Can Gram-Positive Bacteria Grow on MacConkey Agar?

Gram-positive bacteria generally cannot grow on MacConkey agar. The medium is specifically designed to block them using two selective agents: crystal violet and bile salts. Most Gram-positives are inhibited completely, which is exactly the point. MacConkey is built to recover Gram-negative enteric bacteria, particularly from food, water, and clinical samples, while suppressing the rest of the plate's potential residents.

What MacConkey agar selects for

MacConkey agar is both selective and differential. Selective means it is engineered to encourage some bacteria and discourage others. Differential means it can tell those surviving bacteria apart based on a visible reaction. The FDA Bacteriological Analytical Manual lists the key components of standard MacConkey agar as lactose (10 g/L), bile salts (9.0 g/L), neutral red indicator (0.03 g/L), crystal violet dye (0.001 g/L), and peptone as a nutrient base.

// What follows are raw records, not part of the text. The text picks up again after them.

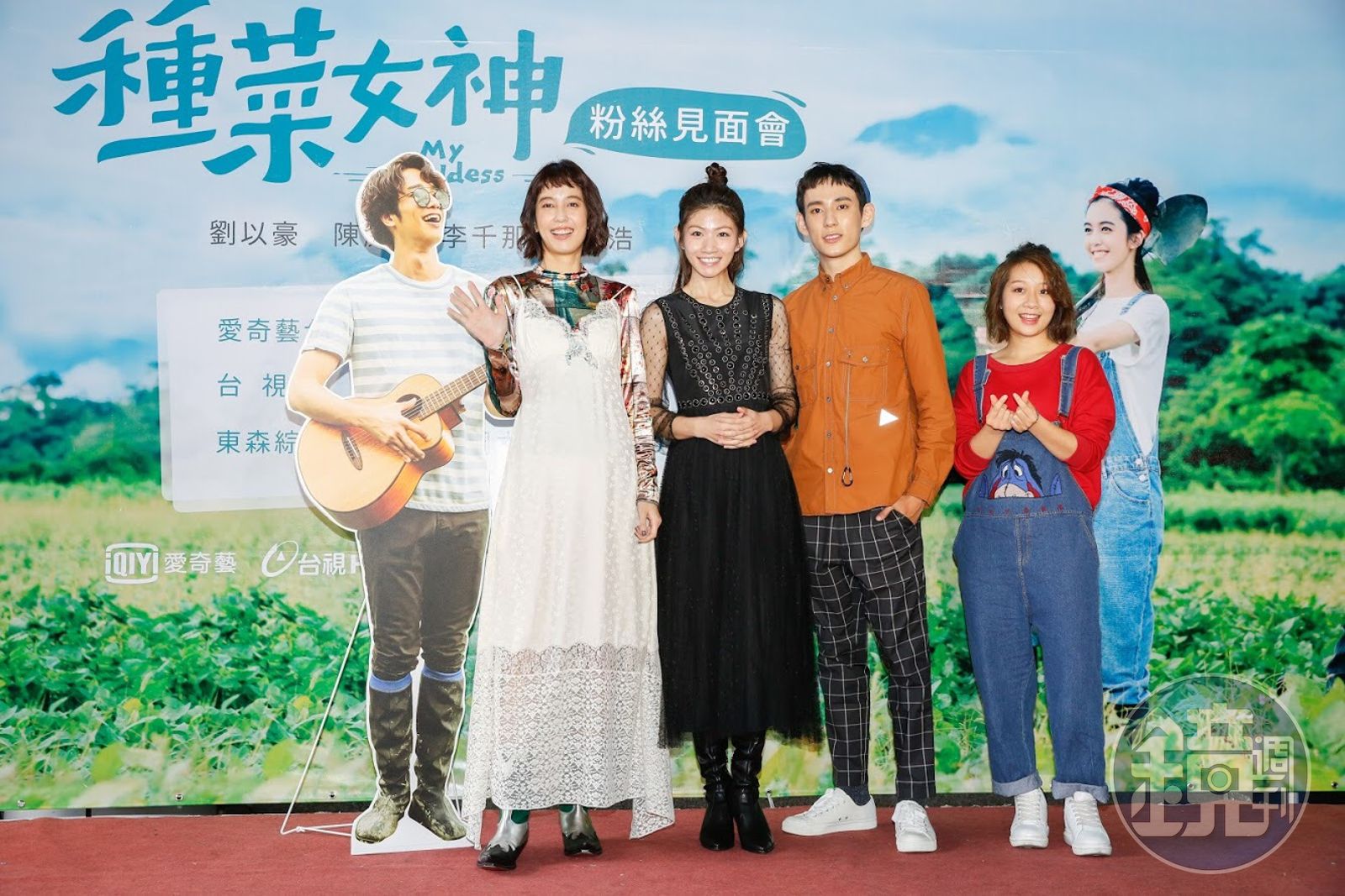 歐銻銻娛樂自製劇《種菜女神》今(16日)舉辦粉絲見面會,陳庭妮、李千那、徐鈞浩、安乙蕎跟粉絲提前慶祝耶誕,由於男主角劉以豪因工作無法出席,改以真人一比一看板代替參與,陳庭妮今天也一直黏著看板,又抱又靠,見板如見人,逗樂全場。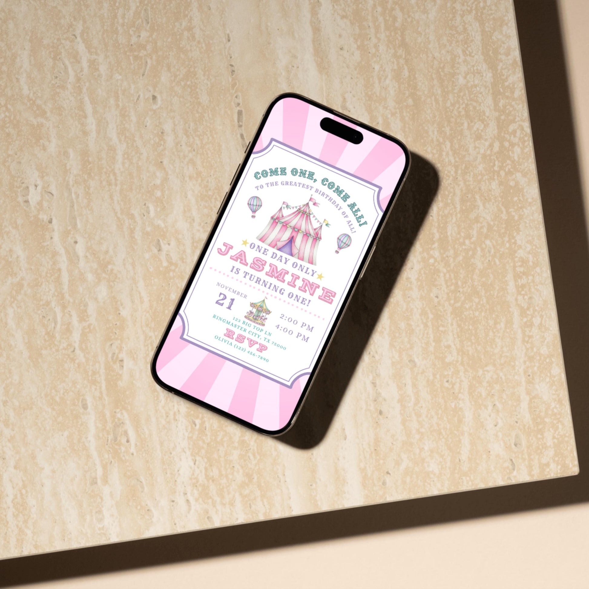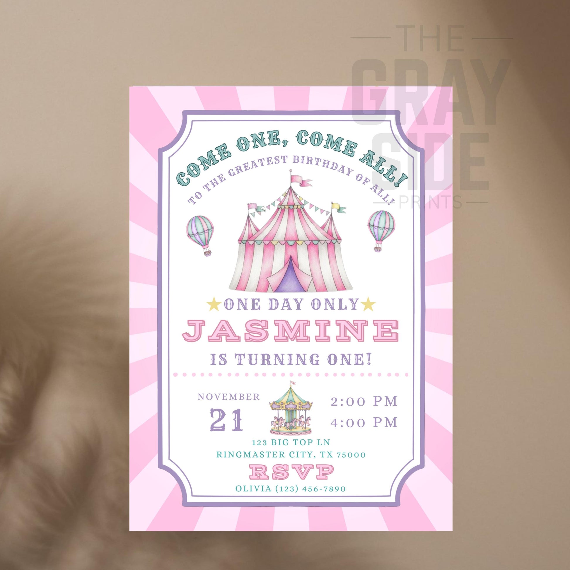 Step right up! 🎟️ Celebrate your little one’s big day with this adorable circus birthday invitation. Perfect for a whimsical carnival or big top themed party, this pink and pastel design features a circus tent, carousel, balloons, and playful fonts that set the stage for fun.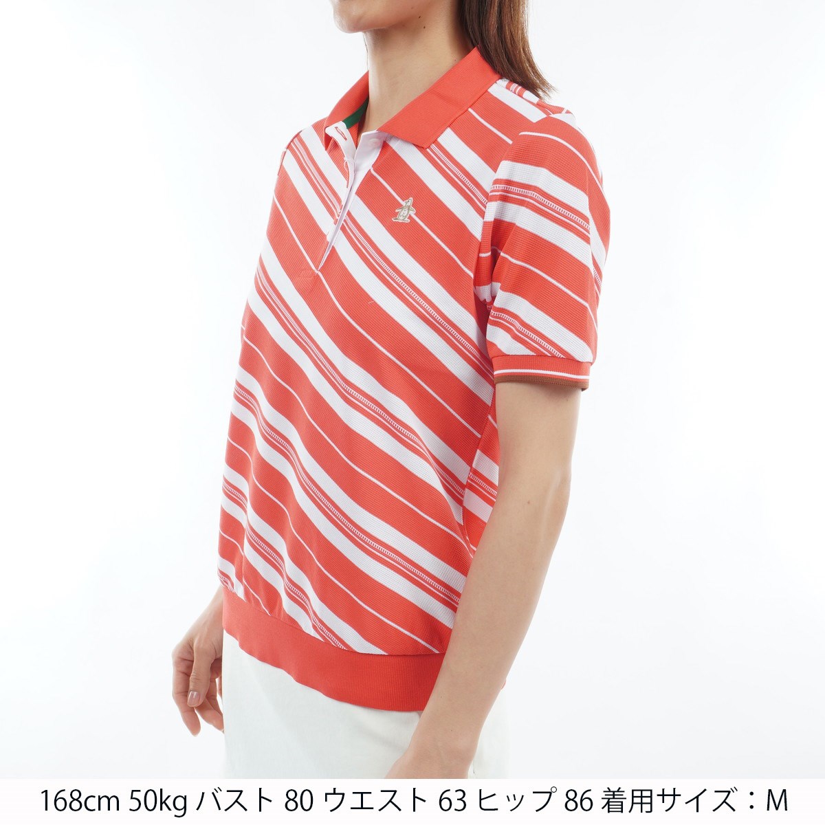 マンシングウェア Munsingwear バイアスストライプ 裾リブ半袖ポロシャツ LL オレンジ 00 レディス

The target organisms are Gram-negative enteric bacteria, especially members of the Enterobacteriaceae family and related groups. The differential readout relies on lactose fermentation: bacteria that break down lactose produce acid, which drops the local pH and causes the neutral red indicator to shift color. Strong lactose fermenters produce bright pink to red colonies. Non-lactose fermenters appear colorless to off-white, with relatively clear surrounding agar.

Can Gram-positive bacteria grow on MacConkey agar

The direct answer is: almost never under standard conditions, and that is intentional. MacConkey agar is specifically formulated so that Gram-positive bacteria cannot establish growth. Staphylococcus aureus, for example, shows 0% recovery on standard MacConkey formulations. Most other Gram-positives behave the same way.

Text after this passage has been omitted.